We have ~200K rows for testing and ~100K rows for testing with 42 columns, the last being our target. Note that we are missing the column names.

In [0]:
train_df.head()

In [0]:
test_df.head()

In [0]:
train_df.info()

**Observations:**

It is clear that we need to do a fair bit of cleaning:
- clarify the missing column names by matching the fields to the provided data dictionary
- there are some missing values in col11 that need to be investigated and addressed
- we have a high number of object data types that will need processing prior to modeling

Excerpt from the data dict:

- Number of instances data = 199523
    - Duplicate or conflicting instances : 46716
- Number of instances in test = 99762
    - Duplicate or conflicting instances : 20936
- Class probabilities for income-projected.test file
    - Probability for the label '- 50000' : 93.80%
    - Probability for the label '50000+' : 6.20%
- Number of attributes = 40 (continuous : 7 nominal : 33)

A quick check confirms that there are no exact duplicate columns per se:

In [0]:
# note: runs long
train_df.T.duplicated().sum()

## Column Mapping

Lets look at the high level stats first:

In [0]:
# numeric columns
train_df.describe()

In [0]:
# categorical
train_df.select_dtypes("object").describe()
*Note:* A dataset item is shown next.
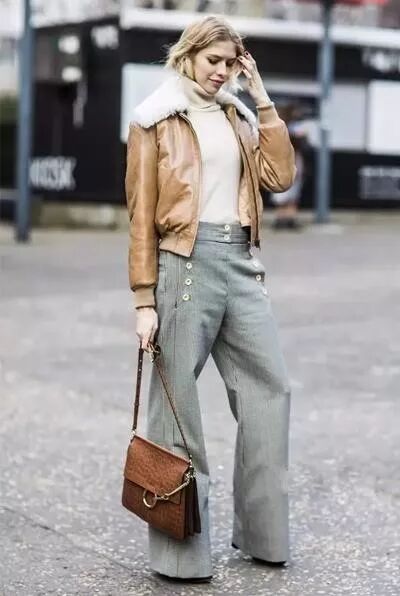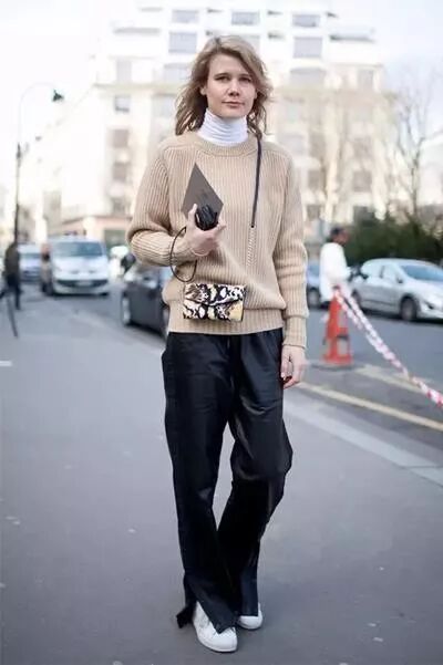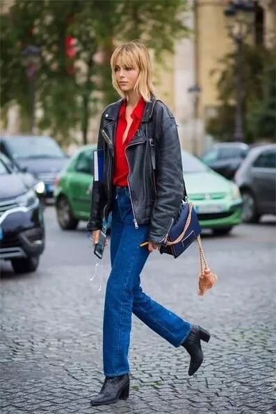 巴黎街头最常见的搭配,中性和硬朗的气质让她们看上去更具魅力。

We'll use the data dictionary and number of unique values to map our columns to their proper names. We also need this information to make well-informed decisions on how the columns should be processed for modelling.

In [0]:
pd.set_option('display.max_colwidth', 100) 
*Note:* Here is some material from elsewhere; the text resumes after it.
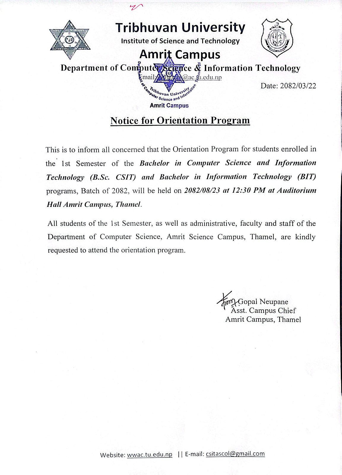 B.Sc.CSIT and BIT Orientation Program Notice 2082

unique_values = pd.DataFrame(
    {
        "unique_values": [train_df[col].unique() for col in train_df.columns],
        "num_unique": [train_df[col].nunique() for col in train_df.columns],
        "dtype": [train_df[col].dtype for col in train_df.columns],
    },
    index=train_df.columns,
)
unique_values

Based on this we put together our mapping:

In [0]:
col_mapping = {
    "col_0": "age", # matches type and range
    "col_1": "class of worker", # unique values checked with data dict (UVDD)
    "col_2": "detailed industry recode", # UVDD
    "col_3": "detailed occupation recode", # UVDD
    "col_4": "education", # UVDD
    "col_5": "wage per hour", # looks to be at right position, type checks, in cents?
    "col_6": "enroll in edu inst last wk", # UVDD
    "col_7": "marital stat", # UVDD
    "col_8": "major industry code", # UVDD
    "col_9": "major occupation code", # UVDD
    "col_10": "race", # UVDD
    "col_11": "hispanic origin", # UVDD - 10 unique in data dict? values match though
    "col_12": "sex", # UVDD
    "col_13": "member of a labor union", # UVDD
    "col_14": "reason for unemployment", # UVDD
    "col_15": "full or part time employment stat", # UVDD
    "col_16": "capital gains", # data dict check, range ok, dollars?
    "col_17": "capital losses", # data dict check, range ok, dollars?
    "col_18": "dividends from stocks", # data dict check
    "col_19": "tax filer stat", # UVDD
    "col_20": "region of previous residence", # UVDD
    "col_21": "state of previous residence", # UVDD
    "col_22": "detailed household and family stat", # data dict check
    "col_23": "detailed household summary in household", # data dict check
    "col_24": "instance weight", # SPECIAL
    "col_25": "migration code-change in msa", # UVDD
    "col_26": "migration code-change in reg", # UVDD
    "col_27": "migration code-move within reg", # UVDD
    "col_28": "live in this house 1 year ago",# UVDD
    "col_29": "migration prev res in sunbelt", # UVDD
    "col_30": "num persons worked for employer", # value check
    "col_31": "family members under 18", # UVDD
    "col_32": "country of birth mother",  # UVDD
    "col_33": "country of birth self",  # UVDD
    "col_34": "country of birth father",  # UVDD
    "col_35": "citizenship", # UVDD
    "col_36": "own business or self employed", # UVDD
    "col_37": "fill inc questionnaire for veteran's admin", # UVDD
    "col_38": "veterans benefits", # UVDD
    "col_39": "weeks worked in year", # data dict order
    "col_40": "year", # UVDD
    "col_41": "income"
}

About the instance weight:

> The instance weight indicates the number of people in the population
 that each record represents due to stratified sampling.
 To do real analysis and derive conclusions, this field must be used.
 This attribute should *not* be used in the classifiers, so it is
 set to "ignore" in this file.
 
 
More info from [census.gov](https://www.census.gov/programs-surveys/cps/technical-documentation/methodology/weighting.html):

>The base weight, which is the inverse of the probability of the person being in the sample, is a rough measure of the number of actual persons that the sample person represents. Almost all sample persons in the same state have the same base weight, but the weights across states are different. Selection probabilities may also differ for some sample areas due to field subsampling, which is done when areas selected for the sample contain many more households than expected. The base weights are then adjusted for noninterview, and the ratio estimation procedure is applied.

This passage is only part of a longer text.